Of course, there’s no word from Mr. Confusion. But, less obviously, I continue to be more or less okay with that. Mostly because there are potential mitigating factors, but the rest of it is me forging this sense of I did what I could. I said it yesterday and the day before and I’ll say it again tomorrow.
I tried my best. I couldn’t have possibly done anything else and now, the way the cards are played out is out of my control. I had a good time, I liked him, I brought him the best version of myself available and I didn’t pretend anything was otherwise. I followed the fear and ended up being not so afraid. That’s enough.

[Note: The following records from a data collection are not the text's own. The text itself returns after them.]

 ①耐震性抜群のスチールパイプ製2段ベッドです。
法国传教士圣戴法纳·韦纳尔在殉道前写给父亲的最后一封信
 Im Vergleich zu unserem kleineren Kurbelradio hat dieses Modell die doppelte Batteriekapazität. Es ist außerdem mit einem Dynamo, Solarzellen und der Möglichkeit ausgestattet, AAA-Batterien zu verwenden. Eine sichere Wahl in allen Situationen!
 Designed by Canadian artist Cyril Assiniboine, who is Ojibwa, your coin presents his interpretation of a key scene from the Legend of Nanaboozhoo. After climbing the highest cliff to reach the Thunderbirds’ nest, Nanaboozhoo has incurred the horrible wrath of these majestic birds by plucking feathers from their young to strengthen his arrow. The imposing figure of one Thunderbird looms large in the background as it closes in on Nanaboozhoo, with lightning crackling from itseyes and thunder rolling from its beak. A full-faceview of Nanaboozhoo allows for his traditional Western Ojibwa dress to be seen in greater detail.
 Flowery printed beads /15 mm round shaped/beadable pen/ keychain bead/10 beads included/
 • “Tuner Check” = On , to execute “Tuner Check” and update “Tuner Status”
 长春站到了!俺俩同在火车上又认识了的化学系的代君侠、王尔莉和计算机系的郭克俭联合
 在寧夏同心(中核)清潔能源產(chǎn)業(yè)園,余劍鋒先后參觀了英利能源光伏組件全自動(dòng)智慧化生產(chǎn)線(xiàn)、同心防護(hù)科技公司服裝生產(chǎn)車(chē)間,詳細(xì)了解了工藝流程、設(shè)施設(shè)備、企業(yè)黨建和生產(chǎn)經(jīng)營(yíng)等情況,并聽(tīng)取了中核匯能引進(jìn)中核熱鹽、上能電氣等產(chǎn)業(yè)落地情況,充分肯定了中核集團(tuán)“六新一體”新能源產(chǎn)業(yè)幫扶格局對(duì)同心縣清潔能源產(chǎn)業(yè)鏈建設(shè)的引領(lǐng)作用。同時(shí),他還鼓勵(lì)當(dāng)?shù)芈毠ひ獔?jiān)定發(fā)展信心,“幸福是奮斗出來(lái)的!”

That’s more than enough, that’s a hot damn giant piece of Something.
I did get my teeth cleaned and got a good report – yes, you can see that I am the apotheosis of modern literature in this piece – four months until I go back rather than three. Things are mild, not severe. The hygienist is getting married and the last thing in the world she wants to do is go have her “test” makeup done, but her friend insists, so maybe after four glasses of wine it’ll be amazing! Rgghhg, I gargled in apparent sympathy, rrrghnnynn. I didn’t mind her, talking away over my head, it was quick.
What is more notable is that after several days of non-driving, not needing to, and having the usual flutter of misgivings. Not that I couldn’t do it, just that the panic would be unbearable. And it’s never UNbearable, it’s just really unpleasant, it really encourages avoidance. I figured out my route, took my time, pulled over once or twice on this road where I’ve had bad attacks before, where I’ve gone to 8 or nine on my scale of get me the fuck out of this car right now I will crash it I will kill I will…, sat in a church parking lot that looks over a stretch of highway (parallel, but not crossing the little road I meant to take) and glanced at Amanda Palmer’s recent blog post. Her friend who I read about in her book The Art of Asking passed away this weekend. I felt the instant, unbidden recognition of empathetic response. To be so alive to know such loss. I looked up into the bright sun and saw a rabbit scuttling along the hot cement next to the church. It’s okay, I thought, it’s okay. And panicked my way down the road to the turn which made it fine again and it was fine all the rest of the way there and home.